Rosalea Barker of The Wires has an interview with a conscientious objector, Joshua Casteel, who was in the army for 8 years and was trained in Arabic for Iraq.
He learnt at the Defense Language Institute at Monterey in California. In Iraq he worked as an interrogator.
bq. Q: Uh-huh. I’m curious how that served you. Do you feel that you were trained to the point that your language skills were an asset and not a hindrance? You know, giving you a false sense that you were understanding something that you didn’t understand?
bq. A: Well, we used translators constantly. Native linguists. Even those of us who went to training. Because we didn’t have the mastery of dialect that was necessary in order to really do the job.
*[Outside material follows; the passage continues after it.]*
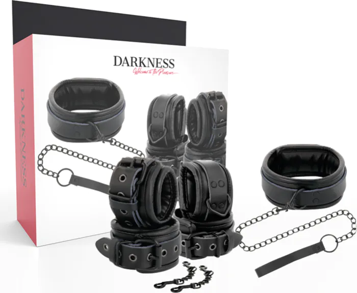 DARKNESS nahka- ja kaulapanta-setti tarjoaa mukavuutta ja turvallisuutta BDSM-leikkeihin. Yksinkertainen säätö tekee siitä helppokäyttöisen sekä aloittelijoille että kokeneille.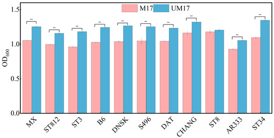 Through omics analysis, we observed significant transcriptional differences between the M17 and UM17 groups. However, both groups exhibited several common enriched metabolic pathways in the metabolome analysis. Additionally, REMI analysis revealed that both M17 and UM17 groups stimulated the flux of the galactose metabolic pathway, providing increased biomass precursors for cell growth. This suggests that the transcriptional mechanisms promoting cell growth via β-GP and urea may differ, but there is substantial metabolic overlap, with urea showing potential as a substitute for β-GP. To verify the applicability of UM17 medium for S. thermophilus cultivation, we cultured an additional 11 strains of this bacterium from our laboratory collection. After 12 h of cultivation, 10 out of 11 bacterial strains exhibited significantly higher biomass in UM17 medium compared to M17 medium, with only one strain showing no statistically significant difference between the two culture conditions (Figure 8).

It gave us a sense of kind of control, or a sense of security that we could usually understand what they were saying, the more that we were in the country and sort of picking up the idioms. But being able to communicate to them in an efficient way was very difficult. So we always used translators.
This did not work well because of all the cultural nuances that the Americans didn’t understand. What is a native linguist? Someone from Iraq who speaks English, presumably.
The interviewer occasionally seems out of her depth.
bq. The bulk of my interrogation involved local laborers, schoolboys, young fathers, imams, veterans of previous Iraqi wars. We were interrogating what we referred to as Average Ahmed.
Q: Average Ahmed?
A: Like Joe Schmo. And those were the people who allegedly were the face of the insurgency, and these were just everyday normal people.